John Tyler was the tenth president of the United States.

Born in Greenway, Charles City County, Virginia, on March 29, 1790, he was elected to the U.S. House of Representatives in 1816, serving until 1821. He also served as Governor of Virginia from 1825-1827 and as a U.S. Senator from 1827-1836, including a stint as President Pro Tempore from March-December 1835. In 1840 he was elected Vice President on the Whig ticket with William Henry Harrison under the slogan "Tippecanoe and Tyler Too." Upon Harrison's death in April 1841, Tyler succeeded to the Presidency. But his frequent use of the veto alienated key members of the Whig party; by the end of his term he was a President without a party. At the outbreak of the Civil War, he sided with the Confederacy and was elected to the Confederate House of Representatives. But before he could take his seat, he died on January 18, 1862.

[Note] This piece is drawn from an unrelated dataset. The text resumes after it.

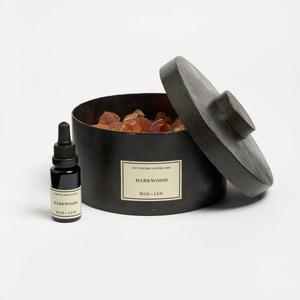 Mad et Len pot pourri comes in a hand hammered iron case with a black fum finish. All labels are hand signed with date of production in their atelier in France. Lasts forever! Vegetal Amber Rocks Includes a 15mg glass bottle of perfume - alcohol free Darkwood scent: Smoky Dark Aromatic, Leather Fougere, Ebony Notes Made in France

In 1813 Tyler married his first wife, Letitia Christian; they had four daughters and three sons to live to adulthood. In September 1842 Letitia died of a stroke at the White House. Tyler then married Julia Gardiner in 1844; they had five sons and two daughters.

Tyler had more children than any other U.S. President. As of 2014, he is the earliest President to have living grandchildren (Lyon Gardiner Tyler, Jr., and Harrison Ruffin Tyler).